Мне совсем не хотелось набиваться на ссору. Дело в том, что у меня уже давно теплилась надежда на то, что в один прекрасный день Мишка все-таки приведет меня к дяде Ивану или еще лучше: мы неожиданно встретимся с ним в тайге.

— Я и сам знаю, что он лучший охотник в республике, — поспешно согласился я. — К тому же он еще и спас тебе жизнь.

Мало-помалу Мишка сменил гнев на милость. Он пошел тише и я поравнялся с ним.

— Может быть, он когда-нибудь позволит мне привести к нему тебя. Ох и наедимся же мы тогда по-царски!

Я поднял с тропинки еловую ветку и с размаху швырнул ее в чащу, а потом по-дружески обнял Мишку за плечи.

— Слушай, Мишка, — проговорил я, — а не мог бы ты у него расстараться для меня хоть куском медвежатины? Или хоть немножко выпросил бы пшенной каши, а?
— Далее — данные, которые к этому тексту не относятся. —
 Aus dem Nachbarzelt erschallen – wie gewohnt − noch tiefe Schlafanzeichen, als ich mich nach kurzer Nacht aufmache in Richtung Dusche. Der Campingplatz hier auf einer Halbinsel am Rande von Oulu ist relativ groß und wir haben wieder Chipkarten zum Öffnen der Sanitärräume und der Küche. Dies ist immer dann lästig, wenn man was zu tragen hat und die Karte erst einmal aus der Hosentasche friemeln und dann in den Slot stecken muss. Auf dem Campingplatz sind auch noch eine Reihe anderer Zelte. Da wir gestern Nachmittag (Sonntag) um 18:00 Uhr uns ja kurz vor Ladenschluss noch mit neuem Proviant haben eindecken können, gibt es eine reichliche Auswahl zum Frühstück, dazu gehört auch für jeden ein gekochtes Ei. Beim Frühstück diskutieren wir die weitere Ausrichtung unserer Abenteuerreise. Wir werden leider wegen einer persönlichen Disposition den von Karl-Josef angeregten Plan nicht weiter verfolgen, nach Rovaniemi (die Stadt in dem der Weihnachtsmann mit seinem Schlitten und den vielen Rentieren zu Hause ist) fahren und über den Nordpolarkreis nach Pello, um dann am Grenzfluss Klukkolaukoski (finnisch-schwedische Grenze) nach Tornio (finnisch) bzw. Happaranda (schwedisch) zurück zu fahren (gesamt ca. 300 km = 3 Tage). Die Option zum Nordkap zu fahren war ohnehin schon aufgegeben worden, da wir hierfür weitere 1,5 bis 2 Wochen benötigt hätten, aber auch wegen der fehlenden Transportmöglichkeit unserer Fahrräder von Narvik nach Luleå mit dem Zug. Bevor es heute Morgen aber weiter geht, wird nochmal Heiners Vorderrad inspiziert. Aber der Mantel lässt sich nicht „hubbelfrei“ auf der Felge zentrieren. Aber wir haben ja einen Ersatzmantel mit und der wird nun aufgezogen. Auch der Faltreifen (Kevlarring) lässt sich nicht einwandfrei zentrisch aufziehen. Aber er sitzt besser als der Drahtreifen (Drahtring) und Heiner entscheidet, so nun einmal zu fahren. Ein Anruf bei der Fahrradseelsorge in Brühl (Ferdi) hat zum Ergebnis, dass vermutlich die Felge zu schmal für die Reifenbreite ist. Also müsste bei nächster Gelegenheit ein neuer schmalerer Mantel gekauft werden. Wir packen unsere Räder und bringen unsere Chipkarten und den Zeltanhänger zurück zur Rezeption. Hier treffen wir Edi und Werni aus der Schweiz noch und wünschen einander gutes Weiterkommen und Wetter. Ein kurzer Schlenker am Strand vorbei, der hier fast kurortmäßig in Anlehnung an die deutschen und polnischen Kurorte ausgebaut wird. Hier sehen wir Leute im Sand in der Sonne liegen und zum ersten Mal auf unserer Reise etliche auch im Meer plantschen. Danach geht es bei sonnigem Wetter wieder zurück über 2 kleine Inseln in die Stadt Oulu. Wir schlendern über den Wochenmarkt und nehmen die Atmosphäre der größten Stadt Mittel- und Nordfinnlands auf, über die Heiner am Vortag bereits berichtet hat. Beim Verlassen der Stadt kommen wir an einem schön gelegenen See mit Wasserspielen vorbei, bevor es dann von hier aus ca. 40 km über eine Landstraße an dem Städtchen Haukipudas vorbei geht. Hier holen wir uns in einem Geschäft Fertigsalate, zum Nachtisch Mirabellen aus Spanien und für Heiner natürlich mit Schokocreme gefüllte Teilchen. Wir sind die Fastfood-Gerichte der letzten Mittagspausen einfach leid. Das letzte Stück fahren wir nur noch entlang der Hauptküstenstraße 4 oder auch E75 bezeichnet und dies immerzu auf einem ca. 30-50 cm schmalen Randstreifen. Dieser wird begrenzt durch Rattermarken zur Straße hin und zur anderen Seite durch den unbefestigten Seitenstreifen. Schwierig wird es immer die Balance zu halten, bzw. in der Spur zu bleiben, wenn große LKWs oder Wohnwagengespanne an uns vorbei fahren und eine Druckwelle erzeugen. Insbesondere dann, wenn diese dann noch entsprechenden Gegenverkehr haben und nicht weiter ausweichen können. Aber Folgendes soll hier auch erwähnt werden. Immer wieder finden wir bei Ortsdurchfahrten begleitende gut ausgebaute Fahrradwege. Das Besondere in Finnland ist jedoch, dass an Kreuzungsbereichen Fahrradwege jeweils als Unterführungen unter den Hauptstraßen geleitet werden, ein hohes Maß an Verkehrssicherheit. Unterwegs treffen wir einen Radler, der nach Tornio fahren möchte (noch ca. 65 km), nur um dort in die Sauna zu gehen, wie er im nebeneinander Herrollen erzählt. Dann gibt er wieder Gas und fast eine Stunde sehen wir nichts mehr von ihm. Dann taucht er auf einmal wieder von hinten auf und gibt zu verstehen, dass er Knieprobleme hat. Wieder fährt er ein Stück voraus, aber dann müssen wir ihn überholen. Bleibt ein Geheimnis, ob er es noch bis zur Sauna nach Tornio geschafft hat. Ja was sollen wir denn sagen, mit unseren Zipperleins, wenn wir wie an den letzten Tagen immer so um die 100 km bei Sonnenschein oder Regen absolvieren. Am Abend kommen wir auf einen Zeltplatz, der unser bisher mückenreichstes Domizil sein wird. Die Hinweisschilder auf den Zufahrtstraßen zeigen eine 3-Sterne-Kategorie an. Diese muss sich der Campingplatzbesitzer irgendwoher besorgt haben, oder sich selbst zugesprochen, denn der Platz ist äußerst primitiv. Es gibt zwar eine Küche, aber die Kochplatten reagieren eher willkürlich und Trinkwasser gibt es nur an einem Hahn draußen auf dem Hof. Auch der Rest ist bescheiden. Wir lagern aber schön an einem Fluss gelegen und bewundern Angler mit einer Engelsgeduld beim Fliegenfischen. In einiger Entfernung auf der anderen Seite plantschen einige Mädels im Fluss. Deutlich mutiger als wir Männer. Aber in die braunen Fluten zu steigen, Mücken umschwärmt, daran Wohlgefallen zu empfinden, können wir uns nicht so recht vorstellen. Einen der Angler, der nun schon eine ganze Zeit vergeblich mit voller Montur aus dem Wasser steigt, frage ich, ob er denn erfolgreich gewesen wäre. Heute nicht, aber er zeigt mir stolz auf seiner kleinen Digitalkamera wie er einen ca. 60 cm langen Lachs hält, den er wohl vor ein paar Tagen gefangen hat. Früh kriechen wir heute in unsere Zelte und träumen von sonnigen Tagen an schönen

— Ничего не выйдет, — вздохнул Мишка. — Дядя Иван ничего не разрешает выносить. На месте ешь, хоть лопни, но с собой брать нельзя.

Я промолчал. Под веками я ощутил жжение, а под ложечкой засосало просто нестерпимо. Чтобы Мишка ничего не заметил, я стоял потупившись в землю. Но он все-таки заметил.
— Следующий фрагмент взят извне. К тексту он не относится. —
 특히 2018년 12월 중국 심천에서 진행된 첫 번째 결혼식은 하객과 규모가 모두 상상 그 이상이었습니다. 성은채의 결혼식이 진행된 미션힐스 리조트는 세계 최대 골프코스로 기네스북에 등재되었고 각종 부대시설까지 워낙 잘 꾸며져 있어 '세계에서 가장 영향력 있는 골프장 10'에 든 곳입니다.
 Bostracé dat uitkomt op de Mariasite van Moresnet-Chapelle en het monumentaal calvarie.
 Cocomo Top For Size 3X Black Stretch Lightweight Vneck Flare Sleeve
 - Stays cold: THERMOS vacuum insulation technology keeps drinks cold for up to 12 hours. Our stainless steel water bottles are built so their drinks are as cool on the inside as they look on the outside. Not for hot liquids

— Не горюй, — сказал он. — Я попрошу дядю Ивана, чтобы он разрешил мне привести тебя. Или украду у него кусок мяса.

— Воровать нехорошо… — неуверенно возразил я.

— Да? — рассмеялся Мишка. — А есть охота? А вообще-то как знаешь.

И мы повернули к деревне, потому что тропка здесь кончилась, растаяв в непролазной гуще среди бородатых зарослей мха и зыбкой болотной зелени.


…Лепешки выглядели так аппетитно, что у меня просто челюсти свело — белые, пухлые, с коричневой румяной корочкой.

Вера Антоновна — наша соседка — поставила на стол миску, и я хотел уже было наброситься на это чудо, однако мать придержала меня за рукав.

— Погоди, — проговорила она. — Давай я сначала попробую.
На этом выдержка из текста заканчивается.